Нюрнбергский процесс, сборник материалов — страница 255 из 360

Вы помните доказательства, иллюстрирующие, в какой степени так называемые «умерщвления из милосердия» стали общеизвестным фактом через несколько месяцев после того, как они начались. В июле 1940 года епископ Ворм обратился с письмом к Фрику. В августе он писал министру юстиции. В сентябре, ничего не добившись, он снова обратился к Фрику и к министру юстиции.

Я собрал здесь доказательства, связанные с преданием легкой смерти. Как помнит Трибунал, по этому поводу говорил генеральный прокурор; кроме того, мой любезный друг Гриффит Джонс[235] в своем выступлении также обращал на это внимание Трибунала. Для сокращения времени, если позволите, я изложу содержание следующих страниц в форме резюме. Конец страниц 32-й и 33-й показывает, что церковь возражала против этих мер и что партия эти меры по преданию «легкой смерти» поддерживала. В конце страницы 33-й и на страницах 33-а и 34-й я рассматриваю вопрос, является ли предание «легкой смерти» военным преступлением, и представляю доказательство того, что эта мера преднамеренно использовалась для того, чтобы организовать население для войны и ограничить число бесполезных едоков в стране в военное время.
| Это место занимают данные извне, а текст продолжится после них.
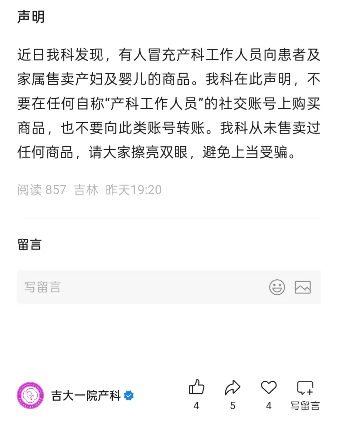 7月23日,吉林大學第一醫院產科發布關于警惕冒充產科工作人員向患者及家屬售賣產婦及嬰兒商品的聲明。聲明指出,吉林大學第一醫院產科發現,有人冒充產科工作人員向患者及家屬售賣產婦及嬰兒的商品。該科室從未售賣過任何商品,請廣大患者及家屬不要在任何自稱“產科工作人員”的社交賬號上購買商品,也不要向此類賬號轉賬。請大家擦亮雙眼,避免上當受騙。

Епископ Вурм[236] сообщал о событиях, происходивших в Вюртемберге. Однако такие события происходили не только в Вюртемберге, Штутгарте и Наумбурге. На расстоянии нескольких сот миль то же самое происходило в Штетине, о чем свидетельствуют письма, направленные 6 сентября 1940 года наблюдателем в Штутгарте в министерство юстиции и Ламмерсу (М-151, ВБ-529), и письмо Ламмерса министру юстиции от 2 октября 1940 года (М-621, ПС-715). К августу следующего года те же события происходили в предместьях Висбадена, о чем свидетельствует письмо епископа Лимбурга (ПС-615, США-717) Фрику, министру юстиции и министру по делам церкви. Те же события имели место и во Франконии, причем мы располагаем досье, из которого явствует, какую роль в этих событиях играли политические руководители Франконии. Читая эти письма, можно ли сомневаться в том, что аналогичные события должны были происходить во всех других районах Германии, где действовали эти комиссии, нацеленные на убийство? Борман 24 сентября 1940 года пишет гаулейтеру Франконии и одному из своих крейслейтеров:

«Естественно, что представители христианской идеологии высказываются против мер, принимаемых Комиссией; столь же естественным должно быть то, что всем органам партии надлежит по мере необходимости поддерживать работу Комиссии»

(Д-90б).

Как может доктор Серватиус говорить, будто это доказательство свидетельствует о том, что политические руководители не принимали участия в осуществлении этих мер и что они о них не знали? Одной этой фразы из письма Бормана достаточно для того, чтобы обосновать как преступный руководящий состав нацистской партии, тот состав, в который входили руководители органов партии, которым надлежало поддерживать данные комиссии.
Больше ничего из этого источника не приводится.